▶ DIRECTIONS FOR THIS TASK: Using the entries that follow, write out the line containing "Bước 1: Từ màn", the line containing "Η σύντροφός της", and every line between them, exactly and nothing else.

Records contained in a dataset
■ ■ ■ ■
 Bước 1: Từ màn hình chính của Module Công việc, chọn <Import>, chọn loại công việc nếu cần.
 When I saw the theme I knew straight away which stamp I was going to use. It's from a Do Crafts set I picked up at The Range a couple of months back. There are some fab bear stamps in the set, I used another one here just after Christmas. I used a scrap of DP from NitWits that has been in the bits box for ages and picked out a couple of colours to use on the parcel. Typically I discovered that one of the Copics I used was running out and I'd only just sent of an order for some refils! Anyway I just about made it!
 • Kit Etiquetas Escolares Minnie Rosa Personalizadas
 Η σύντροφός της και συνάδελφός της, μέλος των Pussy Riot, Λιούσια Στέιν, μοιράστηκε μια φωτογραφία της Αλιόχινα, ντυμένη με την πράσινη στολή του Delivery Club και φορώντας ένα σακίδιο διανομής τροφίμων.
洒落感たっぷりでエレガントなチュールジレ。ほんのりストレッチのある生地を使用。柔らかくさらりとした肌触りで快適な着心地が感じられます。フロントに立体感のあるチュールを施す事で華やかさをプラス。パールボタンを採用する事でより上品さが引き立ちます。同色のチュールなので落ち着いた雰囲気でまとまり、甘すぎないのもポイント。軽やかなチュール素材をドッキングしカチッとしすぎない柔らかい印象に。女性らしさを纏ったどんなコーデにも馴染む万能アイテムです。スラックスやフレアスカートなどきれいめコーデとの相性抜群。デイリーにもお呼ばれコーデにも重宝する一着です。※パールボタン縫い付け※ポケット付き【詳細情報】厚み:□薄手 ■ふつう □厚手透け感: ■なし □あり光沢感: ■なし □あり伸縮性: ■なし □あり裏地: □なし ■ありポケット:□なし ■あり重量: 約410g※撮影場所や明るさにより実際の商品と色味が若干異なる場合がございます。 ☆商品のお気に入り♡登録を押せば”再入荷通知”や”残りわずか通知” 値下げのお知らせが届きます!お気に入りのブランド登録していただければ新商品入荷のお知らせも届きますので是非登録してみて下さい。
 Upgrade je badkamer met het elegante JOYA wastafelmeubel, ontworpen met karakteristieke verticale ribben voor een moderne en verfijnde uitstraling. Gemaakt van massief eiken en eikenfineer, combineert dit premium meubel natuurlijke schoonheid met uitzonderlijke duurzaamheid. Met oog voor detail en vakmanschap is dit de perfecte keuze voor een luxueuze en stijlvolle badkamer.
■ ■ ■ ■
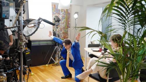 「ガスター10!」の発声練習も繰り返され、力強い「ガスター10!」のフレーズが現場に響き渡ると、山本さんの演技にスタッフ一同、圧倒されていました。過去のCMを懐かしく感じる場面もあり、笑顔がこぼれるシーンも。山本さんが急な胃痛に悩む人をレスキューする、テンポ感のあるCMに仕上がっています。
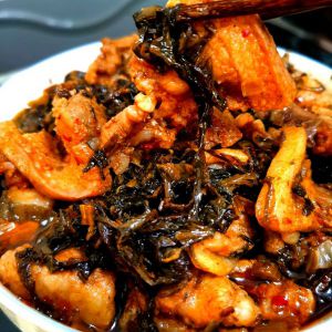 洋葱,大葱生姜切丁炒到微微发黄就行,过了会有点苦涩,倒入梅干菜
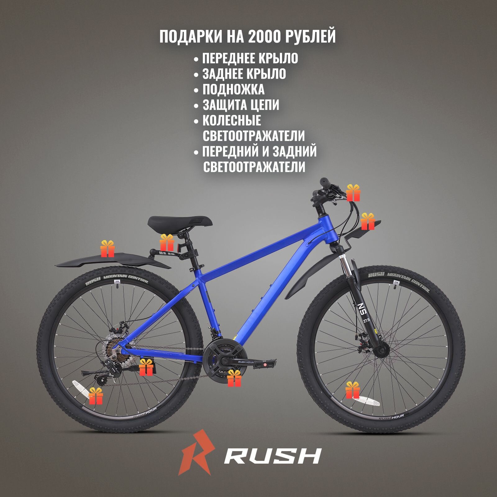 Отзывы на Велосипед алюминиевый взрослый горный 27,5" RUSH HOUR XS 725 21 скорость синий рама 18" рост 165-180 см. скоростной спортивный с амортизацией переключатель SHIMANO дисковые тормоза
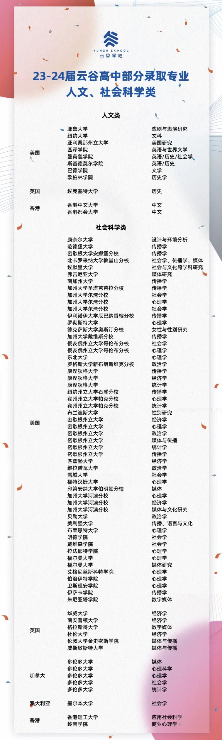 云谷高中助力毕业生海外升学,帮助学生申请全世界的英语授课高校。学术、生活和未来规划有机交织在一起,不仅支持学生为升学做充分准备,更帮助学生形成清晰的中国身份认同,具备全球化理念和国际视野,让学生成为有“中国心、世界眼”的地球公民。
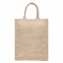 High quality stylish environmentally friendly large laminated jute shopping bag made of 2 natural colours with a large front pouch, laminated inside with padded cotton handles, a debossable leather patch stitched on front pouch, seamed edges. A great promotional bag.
■ ■ ■ ■
▶ EXERCISE SOLUTION:
 Bước 1: Từ màn hình chính của Module Công việc, chọn <Import>, chọn loại công việc nếu cần.
 When I saw the theme I knew straight away which stamp I was going to use. It's from a Do Crafts set I picked up at The Range a couple of months back. There are some fab bear stamps in the set, I used another one here just after Christmas. I used a scrap of DP from NitWits that has been in the bits box for ages and picked out a couple of colours to use on the parcel. Typically I discovered that one of the Copics I used was running out and I'd only just sent of an order for some refils! Anyway I just about made it!
 • Kit Etiquetas Escolares Minnie Rosa Personalizadas
 Η σύντροφός της και συνάδελφός της, μέλος των Pussy Riot, Λιούσια Στέιν, μοιράστηκε μια φωτογραφία της Αλιόχινα, ντυμένη με την πράσινη στολή του Delivery Club και φορώντας ένα σακίδιο διανομής τροφίμων.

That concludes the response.